[Input records]

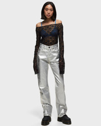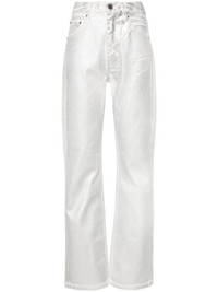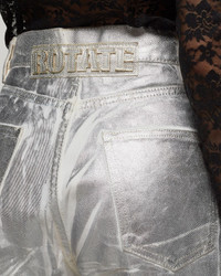 The coated denim pants by ROTATE Birger Christensen are made from cotton and have a silver-colored coating. The jeans feature a classic five-pocket style and a straight cut. - Five-pocket design - Belt loops This item is partly made of certified, recycled and sustainable materials, reducing the global amount of waste and conserving primary raw materials. Discover a wide range of sustainable items now at BSTN! Article Number: 1117802667 Gender: Women Color: WHITE ALYSSUM Material: 100% Cotton
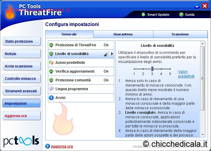 | 3. Andate in Impostazioni e spostatevi su “Livello di Sensibilità”. Sulla destra trovate un cursore, grazie al quale è possibile definire le aree di intervento del sistema di protezione. Solitamente il livello proposto in automatico è sufficiente per sentirsi al sicuro, senza appesantire il sistema: si tratta di una giusta via di mezzo tra profondità di scansione e velocità operativa. 4. Premendo il pulsante Verifica gli aggiornamenti verrà avviata la comune procedura di aggiornamento del programma. Nonostante si tratti di un software gratuito, le versioni si susseguono in maniera regolare e costante, garantendo sempre una buona protezione. L’aggiornamento può essere reso automatico. | ||
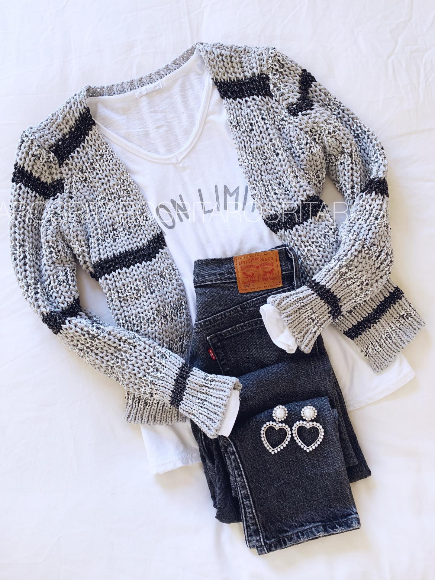 Una monada de chaqueta tricotada en punto grueso con detalles glitter perfecta para combinar con camiseta.
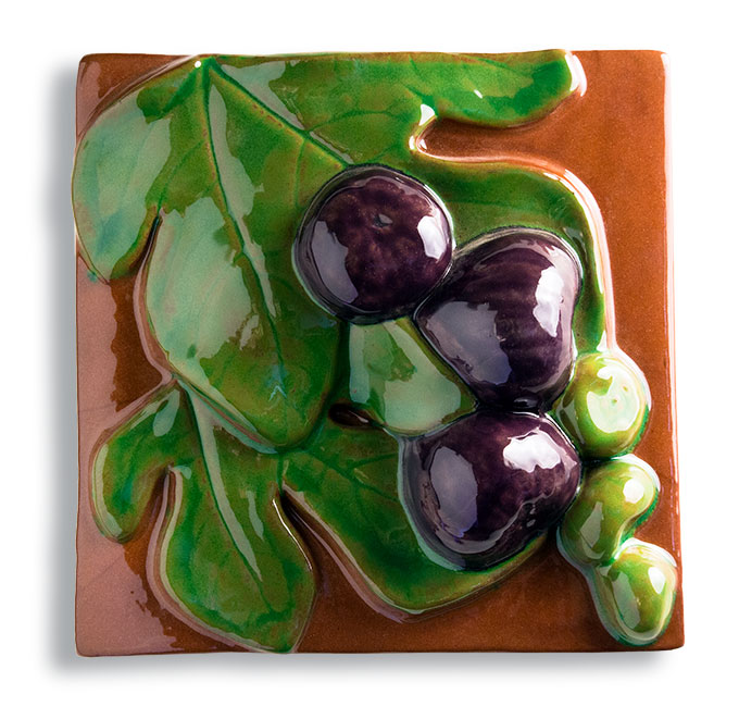 The bright yellow fruit and vivid green leaves really pop against the black background of this handsome tile. Looks great on a kitchen wall or counter top. All our tiles arrive with installed picture wire so they are ready to hang. You can add a tile easel (sold separately) to display your tile on a bookshelf or cabinet.
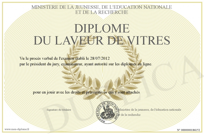 Envoyez par email votre Diplôme du LAVEUR DE VITRES personalisé
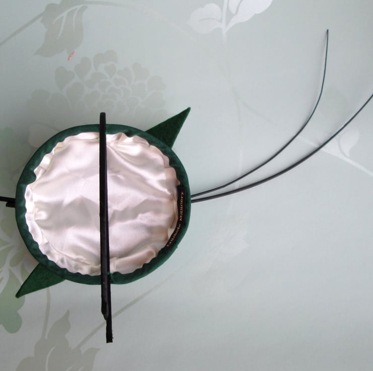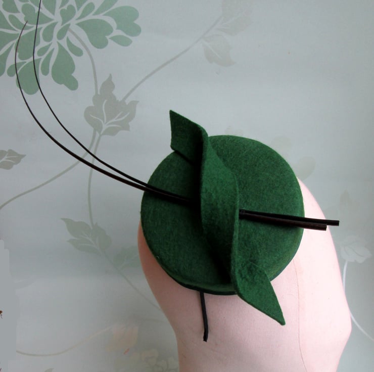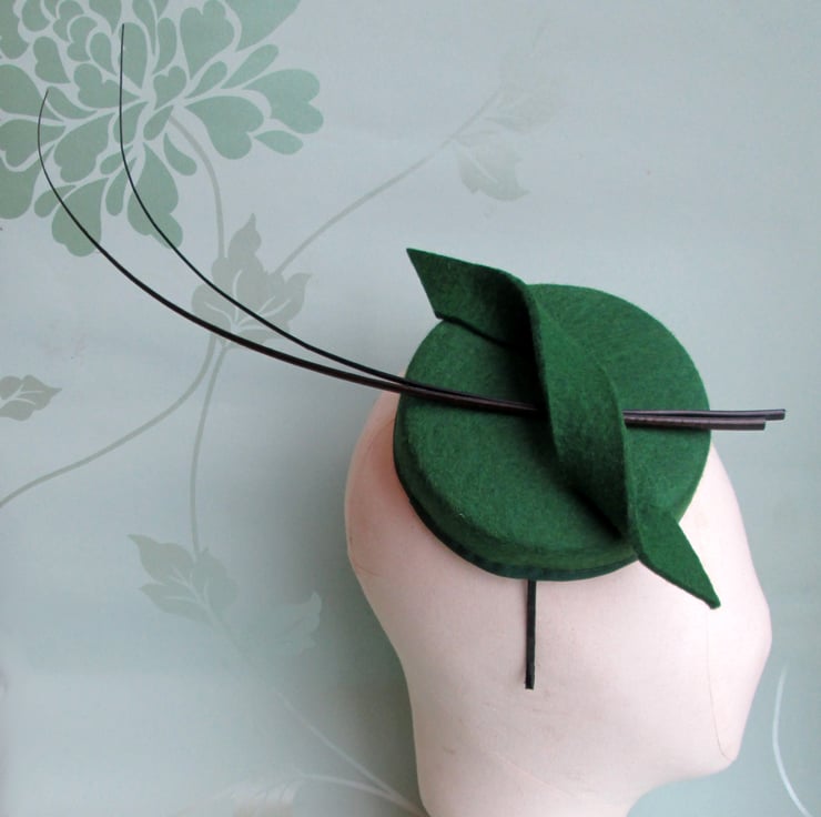 Green occasion hat handmade in pure wool felt. This eye-catching hat has been hand blocked on a vintage pillbox style millinery block then brought right up to date with the addition of two ostrich spines and felt swirl. Perfect for race meetings, wedding and more formal occasions.
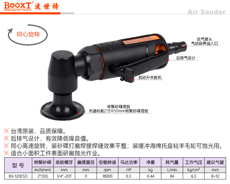 東莞強(qiáng)勁五金工具有限公司提供臺灣BOOXT波世特氣動工具,氣動砂碟打磨機(jī)BX-120ESD廠家直銷,首件享特價。咨詢熱線:4008301980
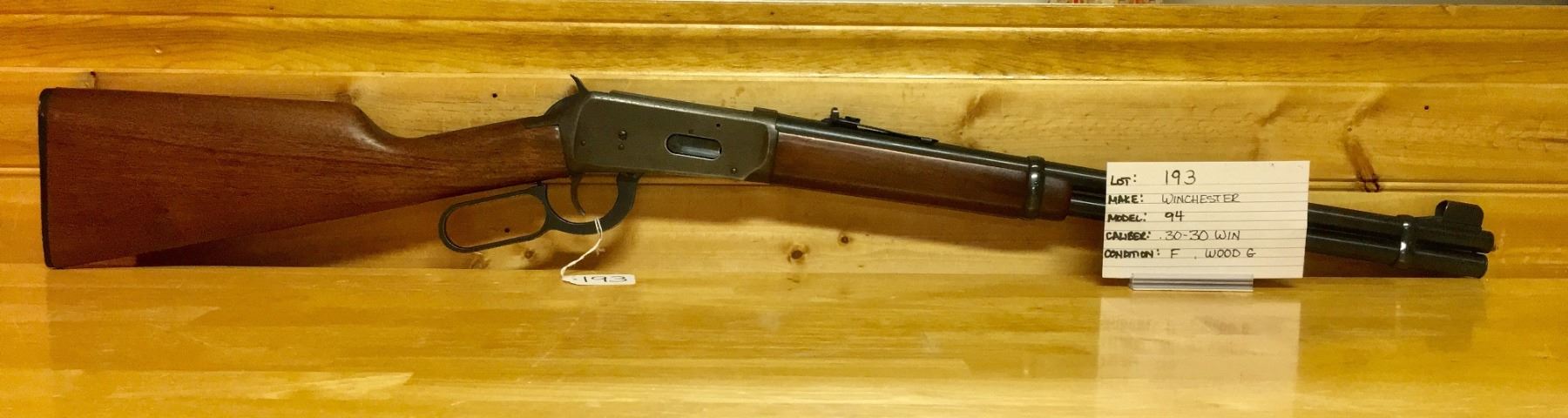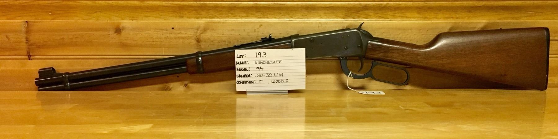 LOT: 193 MAKE: WINCHESTER MODEL: 94 CALIBER: .30-30 WIN CONDITION: F, WOOD G S/N: 5057498
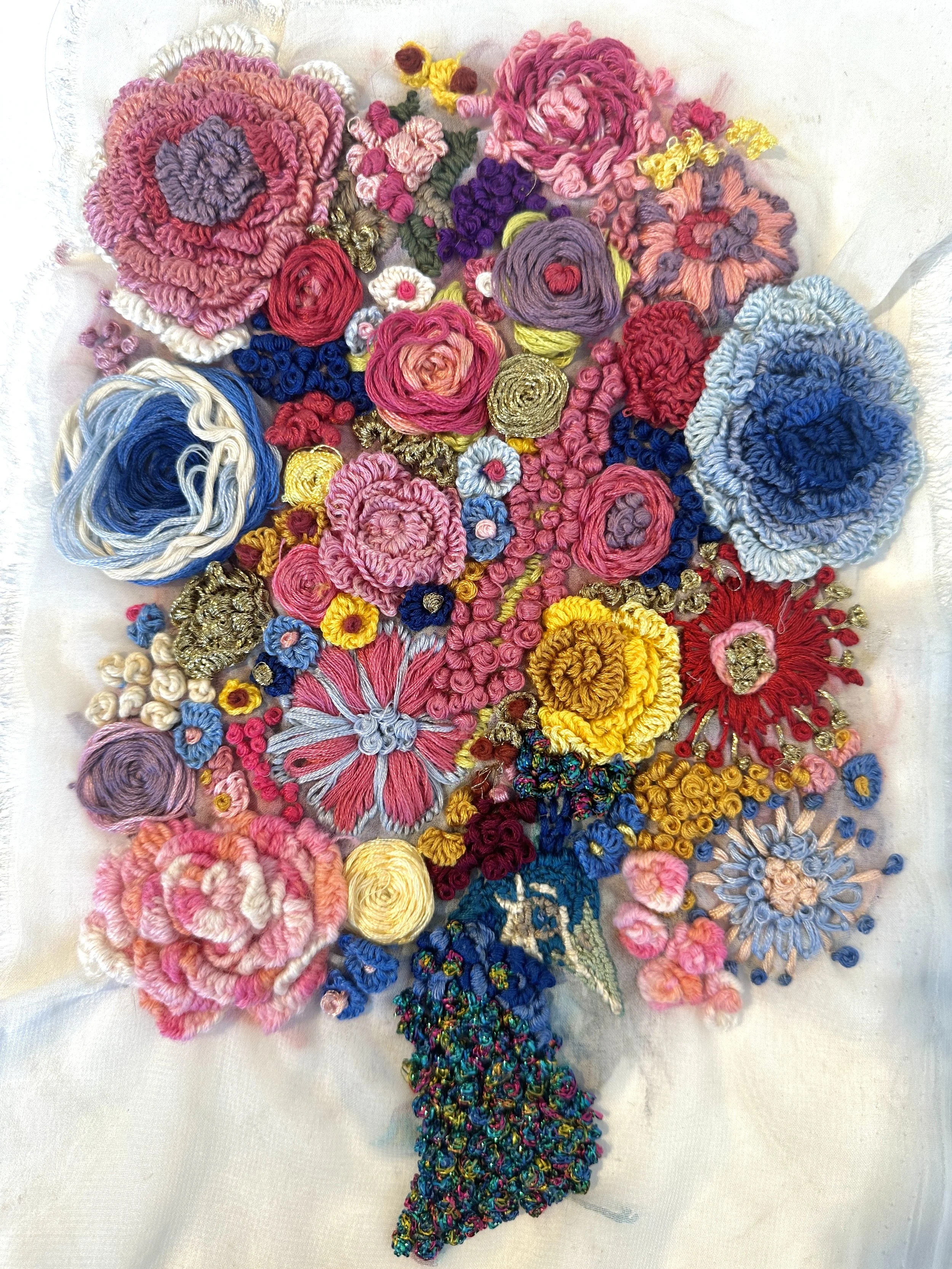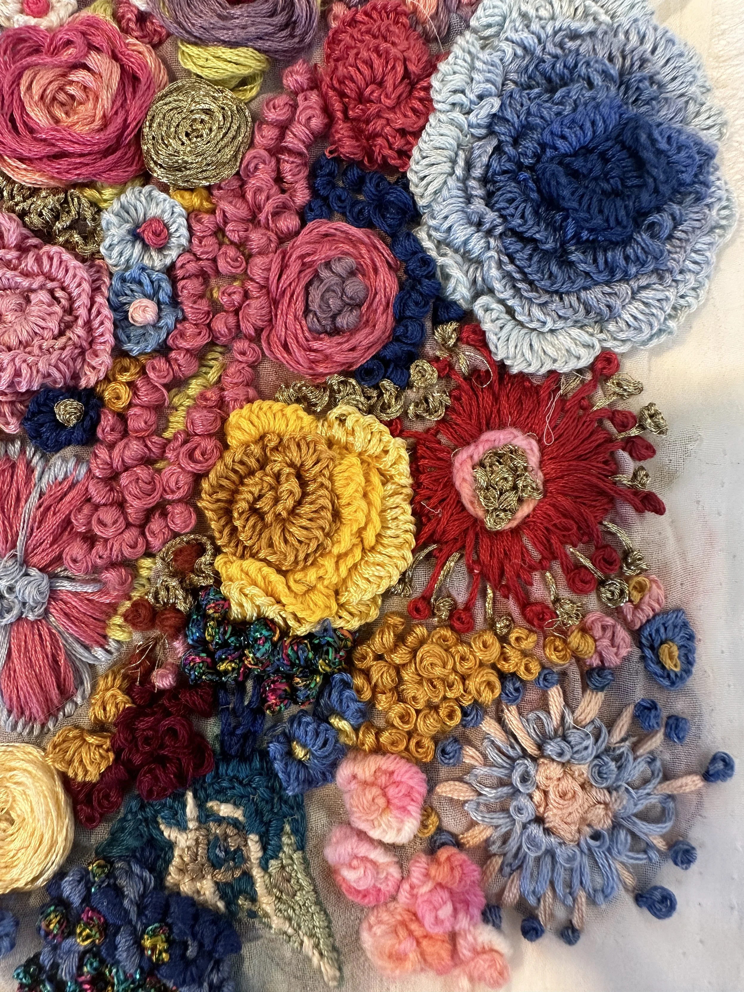 Flower hand embroidery using daisy stitch technique and French knots 16cm L, 16cm W

[/Input records]

### [What this task involves]
Starting with the line that has "automatico. | ||" and ending with the line that has "Una monada de", repeat the lines above exactly, omitting every picture.

### [Solution for this task]
 | 3. Andate in Impostazioni e spostatevi su “Livello di Sensibilità”. Sulla destra trovate un cursore, grazie al quale è possibile definire le aree di intervento del sistema di protezione. Solitamente il livello proposto in automatico è sufficiente per sentirsi al sicuro, senza appesantire il sistema: si tratta di una giusta via di mezzo tra profondità di scansione e velocità operativa. 4. Premendo il pulsante Verifica gli aggiornamenti verrà avviata la comune procedura di aggiornamento del programma. Nonostante si tratti di un software gratuito, le versioni si susseguono in maniera regolare e costante, garantendo sempre una buona protezione. L’aggiornamento può essere reso automatico. | ||
 Una monada de chaqueta tricotada en punto grueso con detalles glitter perfecta para combinar con camiseta.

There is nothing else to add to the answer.